The Commodity Futures Trading Commission (CFTC) is remaining tight lipped about a reported examination of Nymex natural gas futures trades made in advance of the Energy Information Administration’s (EIA) Feb. 7 storage report for the week ending Feb. 1.
“We neither confirm nor deny that we are looking into the matter, as the CFTC declines to comment on surveillance and enforcement activities,” a CFTC spokesman told NGI.
According to published reports, the commission is examining trades made by specific firms in the minutes prior to the release of EIA’s gas inventory number at 10:30 a.m. EST on Feb. 7. For the week ending Feb. 1, the EIA reported a withdrawal of 118 Bcf from storage inventories, and once the number was released, March futures dropped, reaching a low of $3.341 (see Daily GPI, Feb. 8). By 10:45 a.m., March was trading at $3.368, down 5.0 cents from Wednesday’s settlement. Prior to the report’s release, expectations were varied, but consensus estimates were generally for a larger than 118 Bcf draw.
Circumstances surrounding the release and trading that morning were immediately questioned by some traders.
“About 10:29 and 45 seconds this market started tanking. Somebody got hold of it [the data],” a New York floor trader told NGI shortly after the EIA number was released. “This is not a good sign. Something is in the mix.”

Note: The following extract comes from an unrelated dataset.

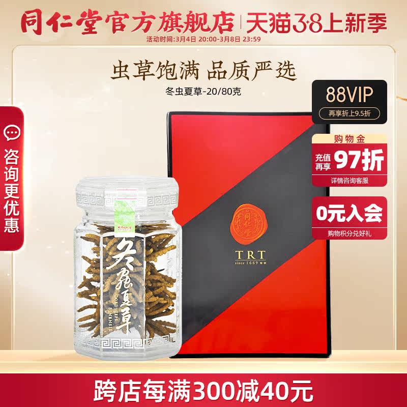 北京同仁堂旗舰店官网冬虫夏草20/80g西藏虫草冬虫礼盒

But reports of unusual trades just prior to release of EIA’s storage report don’t necessarily imply wrong-doing, according to Tom Saal, vice president at INTL FC Stone in Miami.
“Somebody may have just bought a bunch of contracts early, or sold a bunch of contracts early, and they didn’t even know what the number was. That’s one possibility, that there’s nothing there, other than just coincidence,” Saal told NGI. “I’ve always thought that even if you knew the number, you still have a little bit of risk, that your assessment of the direction may be wrong — even if you knew the number. As a prudent trader, I’d probably want at least to see for a second or two that someone else is agreeing with me before I put the trade on.”
EIA “is committed to providing fair access to the information disseminated through [its] website,” but as an energy statistical and analytical agency, it does not investigate market trading activity, an EIA spokesman told NGI.
“EIA closely monitors its critical data releases and the measures taken to ensure the integrity of the data releases continue to perform as intended.”
In 2004, CFTC carried out an industry-wide review of major natural gas storage owners and operators to determine if they may have over- or under-reported their storage withdrawal estimates to the federal government to such an extent that it influenced gas futures prices (see Daily GPI, May 14, 2004).
The agency and the Federal Energy Regulatory Commission, which cooperated in the investigation, subsequently said they had found no evidence of manipulation in sharp upward movement of natural gas prices in late 2003 (see Daily GPI, Aug. 31, 2004). The CFTC blamed fundamentals, including the sudden onslaught of cold weather and storage projections, for the price jumps.